**INSTRUCTIONS TO FOLLOW:** Each line below must be set down exactly; omit any image you find.

**RAW DATA:**
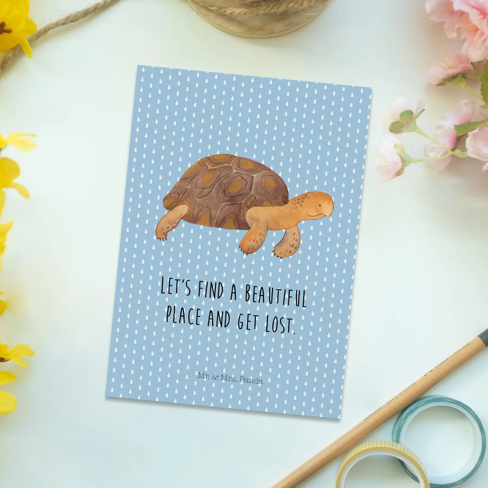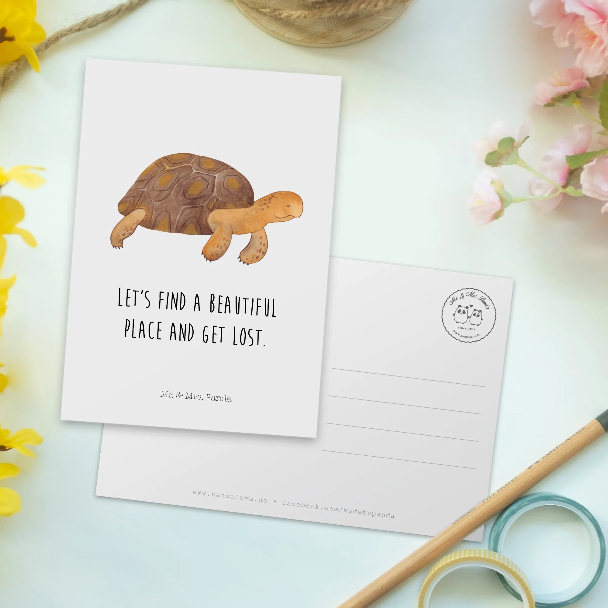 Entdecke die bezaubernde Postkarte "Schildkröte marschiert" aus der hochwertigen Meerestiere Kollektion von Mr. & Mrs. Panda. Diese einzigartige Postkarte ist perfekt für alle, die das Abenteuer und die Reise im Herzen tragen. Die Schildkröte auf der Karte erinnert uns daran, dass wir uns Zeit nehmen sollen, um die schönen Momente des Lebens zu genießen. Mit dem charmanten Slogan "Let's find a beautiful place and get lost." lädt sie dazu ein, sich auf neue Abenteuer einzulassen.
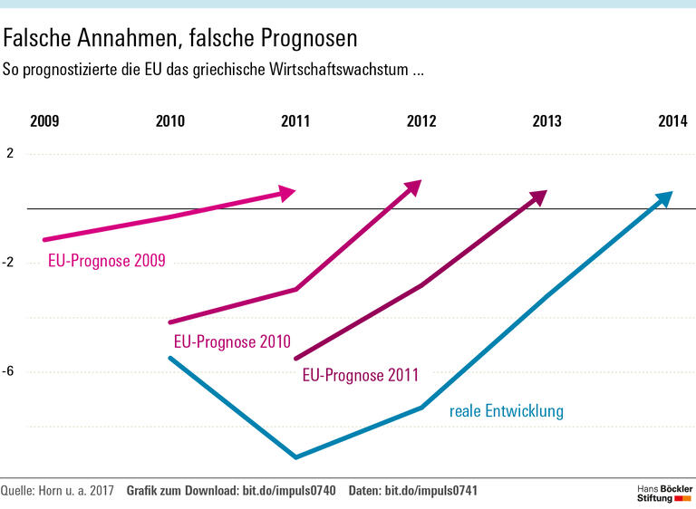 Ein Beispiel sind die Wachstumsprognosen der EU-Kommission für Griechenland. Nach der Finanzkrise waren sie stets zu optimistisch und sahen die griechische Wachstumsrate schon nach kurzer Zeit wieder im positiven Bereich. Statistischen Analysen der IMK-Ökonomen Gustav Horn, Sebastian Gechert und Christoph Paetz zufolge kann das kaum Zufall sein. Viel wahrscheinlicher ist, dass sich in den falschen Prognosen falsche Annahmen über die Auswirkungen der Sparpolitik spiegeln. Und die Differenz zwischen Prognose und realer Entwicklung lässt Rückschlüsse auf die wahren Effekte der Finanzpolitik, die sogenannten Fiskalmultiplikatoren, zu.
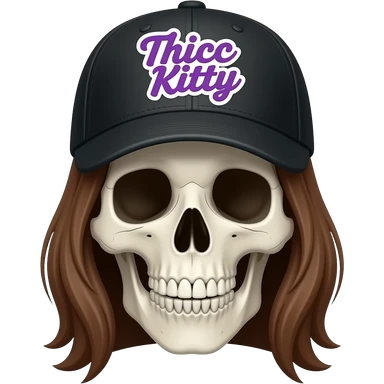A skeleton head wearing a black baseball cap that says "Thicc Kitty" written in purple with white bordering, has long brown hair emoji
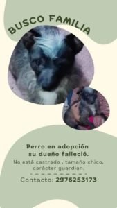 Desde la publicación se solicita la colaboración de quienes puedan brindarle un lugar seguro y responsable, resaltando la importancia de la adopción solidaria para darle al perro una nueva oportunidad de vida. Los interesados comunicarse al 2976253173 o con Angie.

**TASK RESULT:**
 Entdecke die bezaubernde Postkarte "Schildkröte marschiert" aus der hochwertigen Meerestiere Kollektion von Mr. & Mrs. Panda. Diese einzigartige Postkarte ist perfekt für alle, die das Abenteuer und die Reise im Herzen tragen. Die Schildkröte auf der Karte erinnert uns daran, dass wir uns Zeit nehmen sollen, um die schönen Momente des Lebens zu genießen. Mit dem charmanten Slogan "Let's find a beautiful place and get lost." lädt sie dazu ein, sich auf neue Abenteuer einzulassen.
 Ein Beispiel sind die Wachstumsprognosen der EU-Kommission für Griechenland. Nach der Finanzkrise waren sie stets zu optimistisch und sahen die griechische Wachstumsrate schon nach kurzer Zeit wieder im positiven Bereich. Statistischen Analysen der IMK-Ökonomen Gustav Horn, Sebastian Gechert und Christoph Paetz zufolge kann das kaum Zufall sein. Viel wahrscheinlicher ist, dass sich in den falschen Prognosen falsche Annahmen über die Auswirkungen der Sparpolitik spiegeln. Und die Differenz zwischen Prognose und realer Entwicklung lässt Rückschlüsse auf die wahren Effekte der Finanzpolitik, die sogenannten Fiskalmultiplikatoren, zu.
A skeleton head wearing a black baseball cap that says "Thicc Kitty" written in purple with white bordering, has long brown hair emoji
 Desde la publicación se solicita la colaboración de quienes puedan brindarle un lugar seguro y responsable, resaltando la importancia de la adopción solidaria para darle al perro una nueva oportunidad de vida. Los interesados comunicarse al 2976253173 o con Angie.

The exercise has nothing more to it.